Really not much more to tell than what is already in the question.
using mongoid:
People.asc(:age)
I get nil value first.
is there a way to always return nil last, or to tell mongodb to treat nil as very high?
Exactly like what is answered for the same problem in sql here
Not if you want ascending order for the non-nil ages. If that is unimportant, you could see if
People.desc(:age)
will put the nil values at the end. Alternatively, you could try adding a search parameter to not return nil values:
People.not_in(age: [nil]).asc(:age)
I'm pretty sure the answer is "no" for MongoDB. There's no way to supply a custom sorting function, you can only supply the keys to sort on.

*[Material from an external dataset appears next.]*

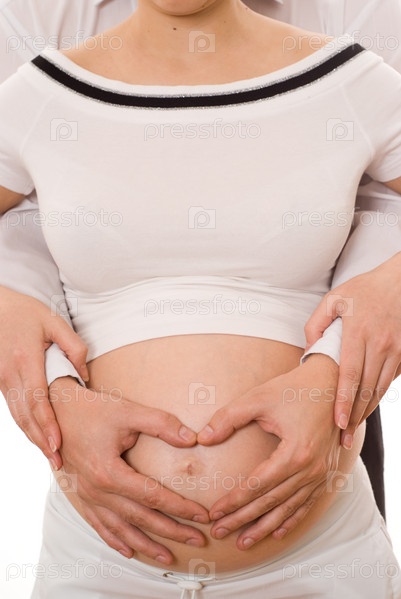 Молодой человек с беременной женщиной держит ее руки на животе на белом фоне
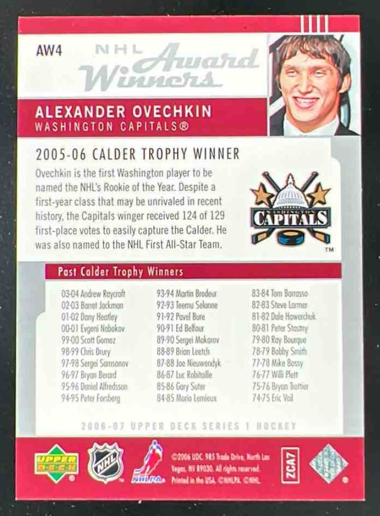 2006-07 Upper Deck NHL Award Winners #AW4 Alexander Ovechkin

There is a request for custom sorting functions and they even mention your particular use case:
javascript sort helper for custom sorting / indexing
[...]
Could this be used to sort alphabetically on a field, and put documents with a null value at the end of the result set?
[...]
@nick - yes
So you're not alone in wanting to put null
s at one end or the other.
I think the best you can do right now is to do it in Ruby, something like this:
nils, not_nils = People.asc(:age).partition { |p| p.age.nil? }
people = not_nils + nils
I don't use Mongoid but presumably asc
gives you an Enumerable, if not then perhaps you could stick a to_a
in there. Of course this sort of hackery is useless if you're paginating.